Summary: Pending notify actions are recorded as complete [OpenStack-13.0]
Product: Red Hat OpenStack Reporter: Andrew Beekhof <abeekhof>
Component: rhosp-director-imagesAssignee: Jon Schlueter <jschluet>
Status: CLOSED ERRATA QA Contact: Udi Shkalim <ushkalim>
Severity: urgent Docs Contact:
Priority: urgent    
Version: 13.0 (Queens)CC: abeekhof, aherr, amit.banerjee, cluster-maint, cluster-qe, dbecker, jamsmith, jschluet, kgaillot, lmarsh, mburns, mnovacek, morazi, pkomarov, sclewis, toneata
Target Milestone: betaKeywords: Triaged
Target Release: 13.0 (Queens)   
Hardware: All   
OS: All   
Whiteboard:
Fixed In Version: rhosp-director-images-13.0-20180425.2.el7ost Doc Type: If docs needed, set a value
Doc Text:
When record-pending is true (which is the default as of 7.5), Pacemaker sees two notifications that notify actions completed: one when the action is initiated and another when it completes. This confuses the cluster and triggers a re-computation of the cluster state, which results in more notifications and more re-computations.

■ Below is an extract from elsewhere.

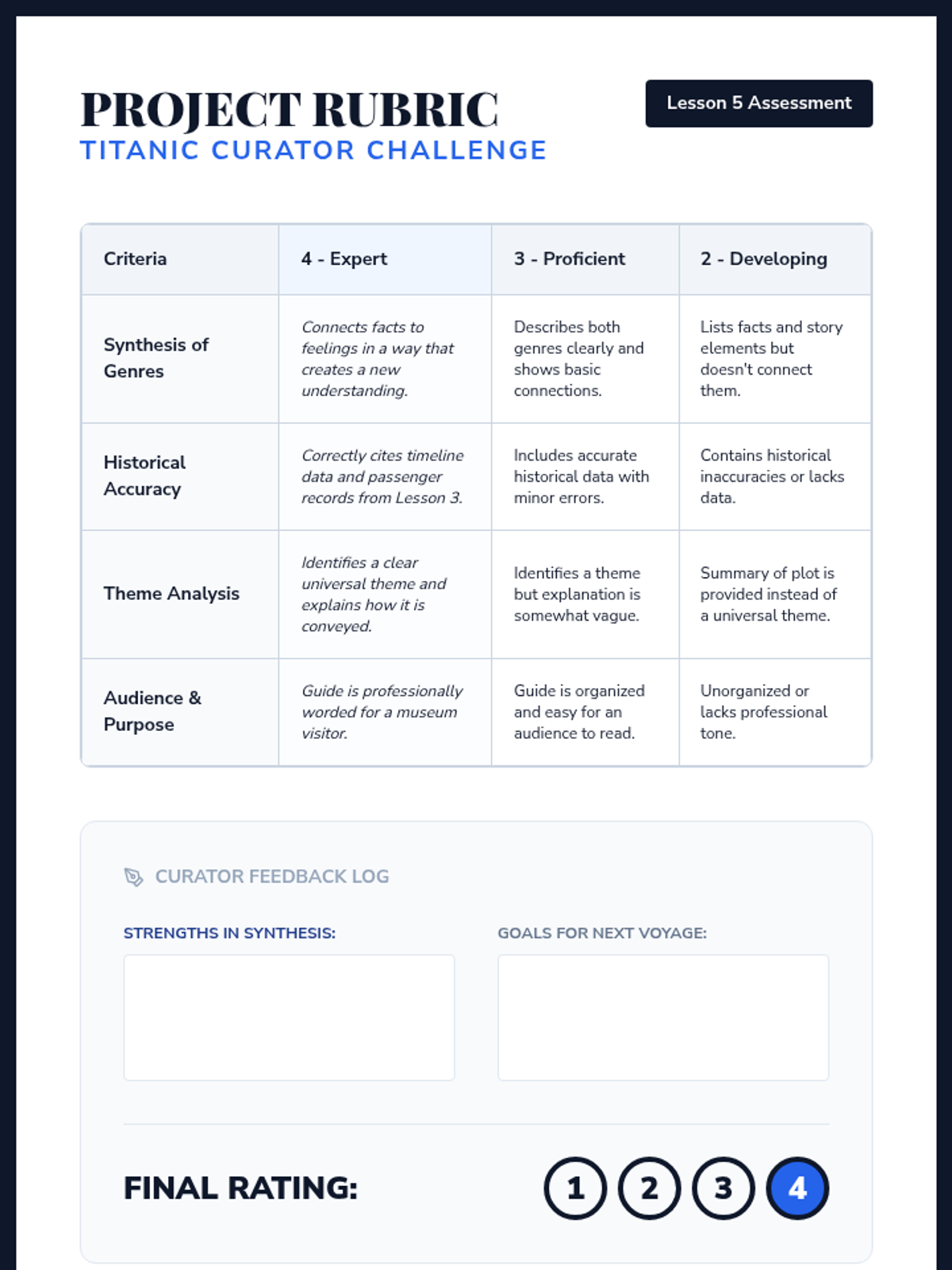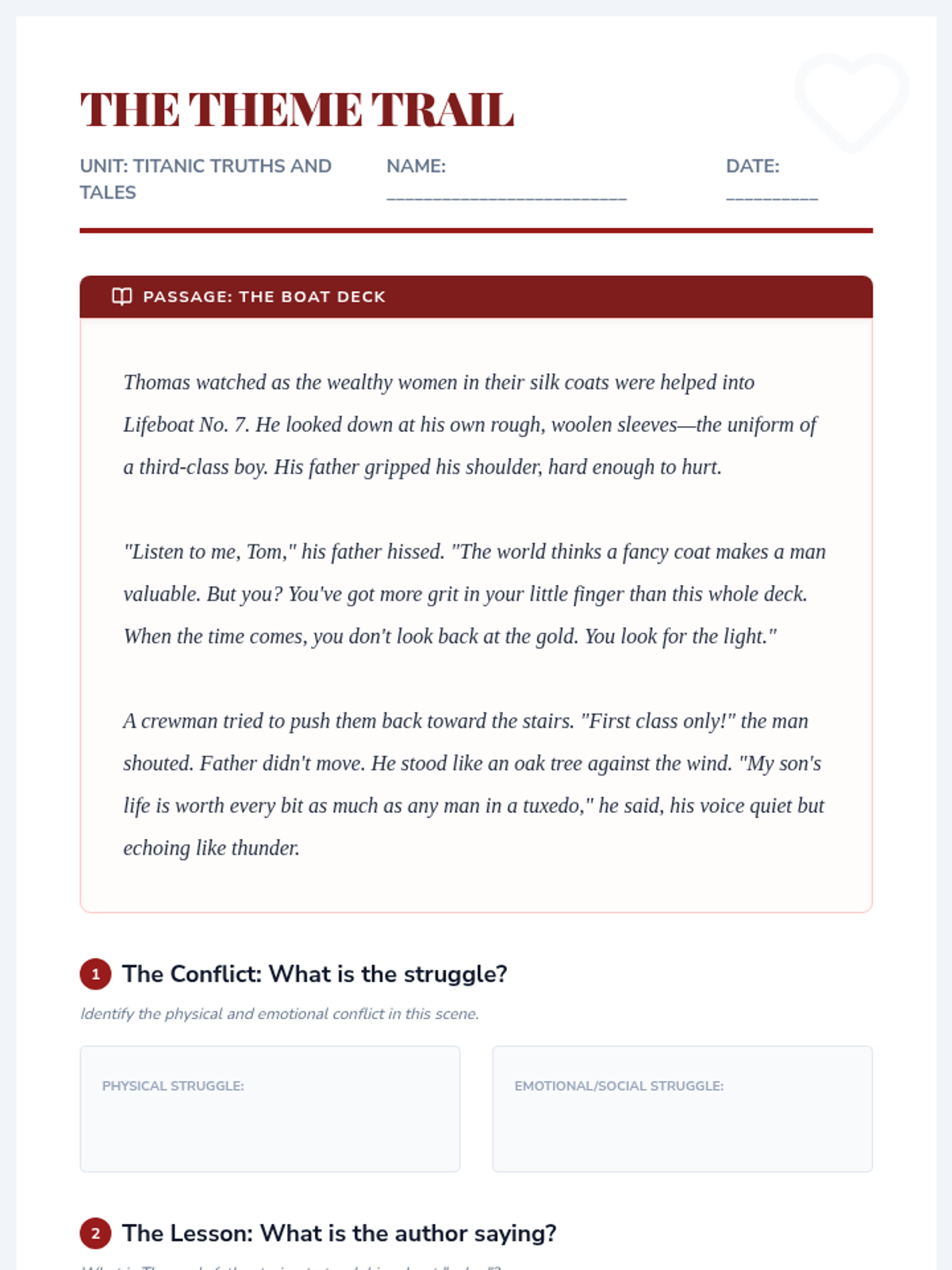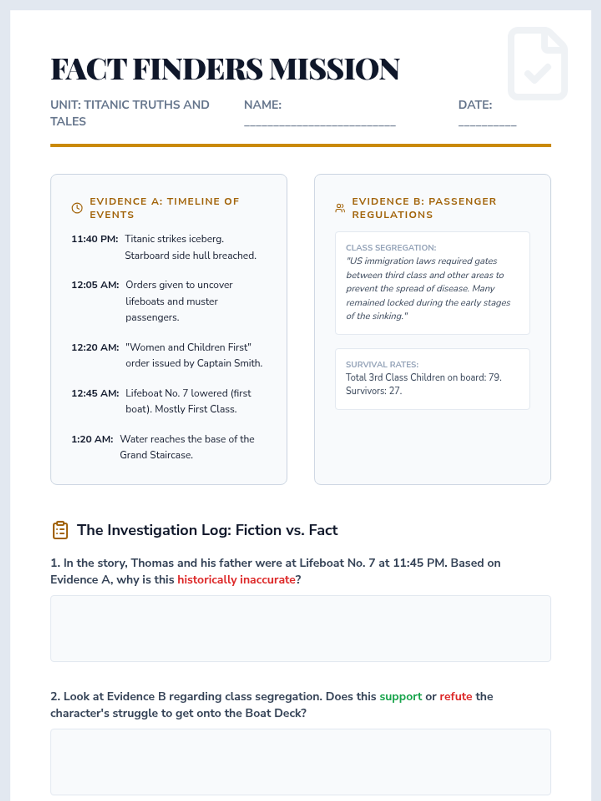 A 6th-grade ELA sequence that explores the differences between historical fiction and informational texts using the Titanic as a central case study. Students learn to synthesize information, identify genre-specific structures, and understand how authors use different genres to convey 'emotional truth' versus 'historical fact.'

The issue was resolved by configuring Pacemaker to only record completed clone-notify actions as successful, not those that are pending, which enables the cluster to complete the process of recovering or starting services.
Story Points: ---
Clone Of: 1570618 Environment:
Last Closed: 2018-06-27 13:24:35 UTC Type: ---
Regression: --- Mount Type: ---
Documentation: --- CRM:
Verified Versions: Category: ---
oVirt Team: --- RHEL 7.3 requirements from Atomic Host:
Cloudforms Team: --- Target Upstream Version:
Embargoed:
Bug Depends On: 1570618    
Bug Blocks:    

Comment 1 Andrew Beekhof 2018-04-25 11:49:36 UTC
Critical bugfix from RHEL-HA that prevents control plane recovery from stalling.

Comment 3 Jon Schlueter 2018-04-25 12:57:06 UTC
Confirmed this needs to make it into overcloud-full images for controller nodes

Comment 4 Lon Hohberger 2018-04-25 13:08:07 UTC
According to the parent bug, this is resolved by pacemaker-1.1.18-11.el7_5.2

Comment 10 Lon Hohberger 2018-04-26 11:59:49 UTC
pacemaker-1.1.18-11.el7_5.2 is in new images.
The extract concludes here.